SoftBank moves to oust Neumann as WeWork chief executive

Uncertainty over whether rebel investors can succeed but IPO prospect damaged either way

Any attempt by WeWork to oust Adam Neumann, above,  could backfire: his shares carry 10 times the voting rights of other investors. File photograph: Cole Wilson/The New York Times

Any attempt by WeWork to oust Adam Neumann, above, could backfire: his shares carry 10 times the voting rights of other investors. File photograph: Cole Wilson/The New York Times

 

SoftBank has lost faith in Adam Neumann’s ability to lead WeWork and is expected to call for a board meeting to demote him as early as this week, after the lossmaking property group shelved its initial public offering and the chief executive’s volatile behaviour and drug use came to light.

Mr Neumann’s outsized influence over the company has become one of the biggest hurdles in the path of a multibillion-dollar IPO, according to investors and people briefed on the matter.

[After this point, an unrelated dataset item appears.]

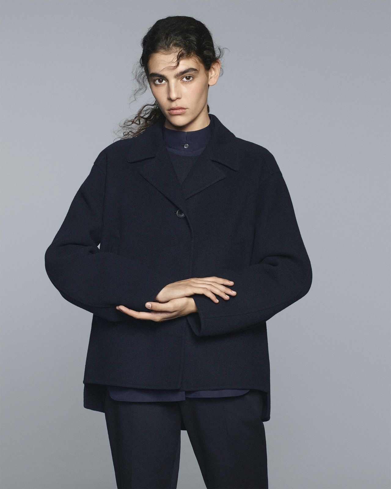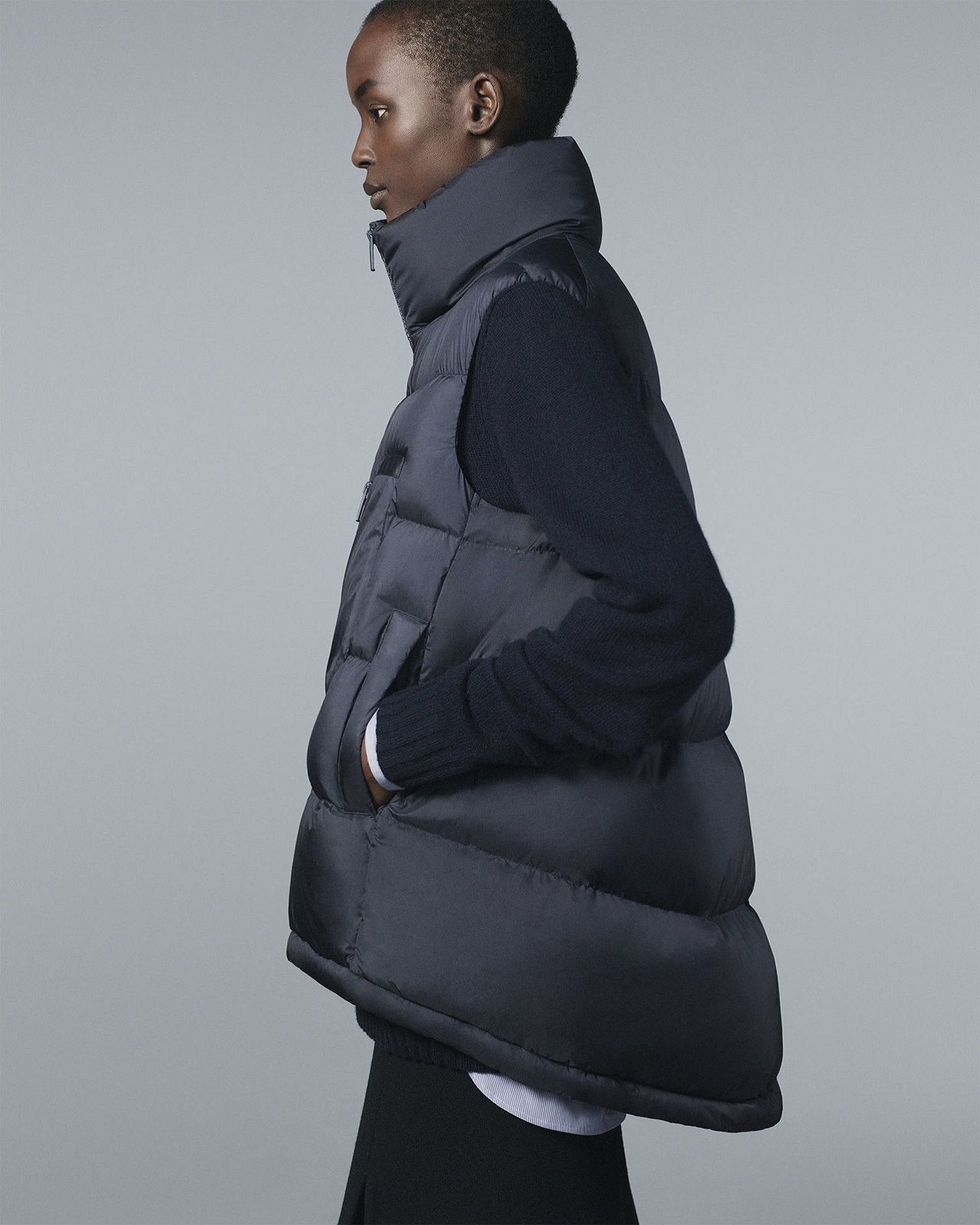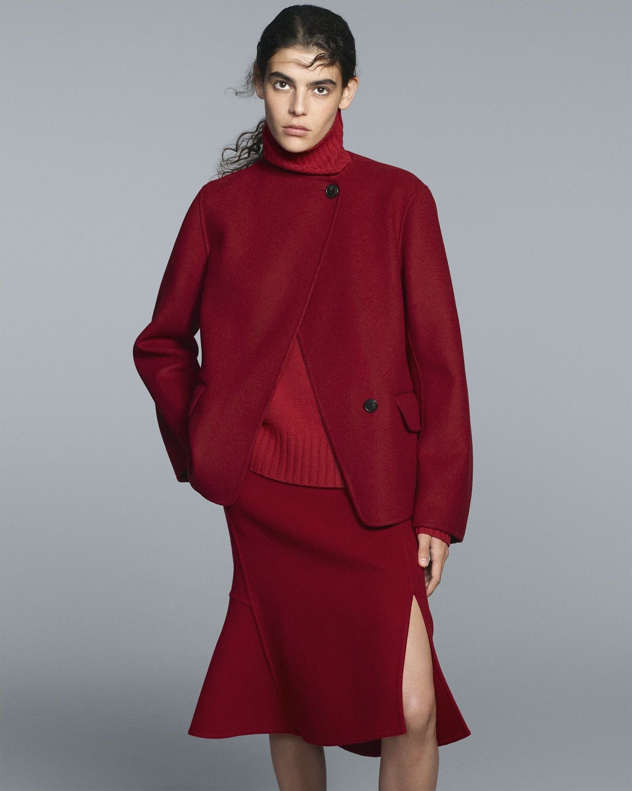 La nuova proposta unisce alla perfezione understatement, sartorialità e materiali di alta qualità che creano un guardaroba fatto di essentials da mixare fra loro a seconda del nostro mood del momento. La lineup, che include 42 modelli per donna e 31 modelli per uomo, è caratterizzata da volumi generosi, tessuti corposi e da una palette cromatica dominata da toni basic come bianco, nero, navy, grafite, kaki e caramello con qualche accento di rosso. Tra i must have di stagione ci saranno sicuramente il cappotto marrone, la giacca asimmetrica, il maglione cozy a collo alto, il maxi piumino, il piccolo caban blu e la gonna a pieghe, mentre il capo più versatile è sicuramente il bomber nero.

SoftBank’s vice-chairman Ron Fischer sits on the WeWork board, as does Mark Schwartz, a former board member at the Japanese telecoms-to-technology group. It was unclear, however, whether a majority of the board members believed Mr Neumann should step down as chief executive.

The board could decide against changing the CEO role in the end, these people cautioned, and either rally around Mr Neumann or hire a new executive chairman to oversee the company’s management.

WeWork and SoftBank declined to comment.

Any attempt to oust Mr Neumann could backfire. Mr Neumann’s shares carry 10 times the voting rights of other investors and he has the ability to replace a number of the members on the board. Three of the seven board members were appointed by WeWork investors, including the SoftBank Vision Fund, Benchmark Capital and Hony Capital.

Complicate

Opposition from SoftBank, in particular, could complicate Mr Neumann’s position and would represent a striking rift in a relationship the CEO has credited with having driven the company’s ambitions. Masayoshi Son’s Japanese group has been the largest single investor in WeWork to date, pumping nearly $11 billion into the group, and remains a potential future source of private capital amid public market scepticism.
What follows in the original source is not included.